Beyond salad dressing
There’s nothing wrong with drizzling thick balsamic vinegar over shingled layers of tomato and fresh mozzarella — in fact, there’s everything right with that. But if you’ve invested in a nice bottle of balsamic vinegar, you should cook with it every which way. Because of its thicker consistency, Markley likes to add traditional balsamic to salads, vegetables, or proteins as a finishing touch. She has also used it in marinades, and adds it to soup, near the end of the cooking time, to maximize flavor. As for dessert, Markley drizzles thick balsamic over vanilla ice cream with roasted strawberries as a robust alternative to hot fudge.
O’Keefe likes to brush Modena balsamic over fish and uses it as an accoutrement for cold shrimp (though grilled shrimp or chicken breasts would be just as tasty). Serve it in a small dipping bowl on a charcuterie platter with cheese or brushed on cooked meats, such as pork tenderloin or hamburgers, for even more flavor.
The benefit of using Modena balsamic as a marinade for, say, chicken is that it adds a sweet depth of flavor without overpowering the meat with its vinegariness. When added to crunchy green salads, the sweet flavor can also help increase your vegetable intake (who doesn’t like an excuse to eat a little something sweet). Plus, if you build flavor with balsamic vinegar, you probably won’t need to use nearly as much salt, which can be problematic for those with high blood pressure.
If you’re ready to experiment with traditional balsamic vinegar in your own kitchen, here are several great recipes. Get ready for a delicious burst of flavor as you also enjoy some terrific health benefits.

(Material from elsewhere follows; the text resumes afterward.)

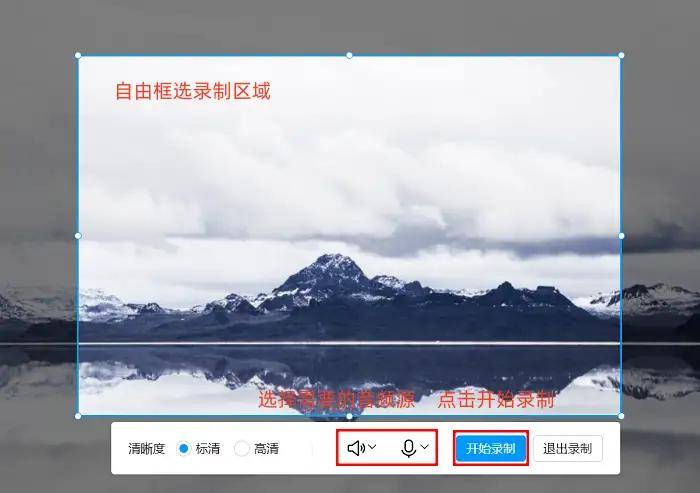 其次,设定录制区域,并可选调清晰度、音源等参数,设置完成后点击“开始录制”即可。

1. Grilled Herbed Chicken Breast with Balsamic Vinegar and Strawberries
Recipe author Silvia Baldini uses traditional balsamic vinegar for this bright, fresh dish. Balsamic-marinated strawberries meet health-promoting ingredients that include garlic, basil, and flavonoid-rich parsley. Add a side of mushroom-dotted wild rice and a crisp salad for a complete, tasty meal.
2. “No-Recipe” Charred Asparagus with Aged Balsamic & Manchego
A balsamic drizzle cuts through mild, sweet manchego, a Spanish sheep’s milk cheese. High in protein, this legendary cheese also contributes generous servings of vitamins A, D and E to your diet. This side would taste great alongside pork tenderloin and sweet potatoes from the grill.
3. Balsamic Vinegar of Modena Tofu and Zucchini Ribbon Skewers
Recipe author Francesca Bonadonna even specifies which balsamic vinegar she uses for this dish, which we appreciate — and she adds numerous flavorful ingredients to the tofu. Bonadonna also suggests several possible cooking methods, making the recipe highly accessible to most cooks. If you don’t respond well to soy products, some precooked chicken or chickpea tofu can be substituted.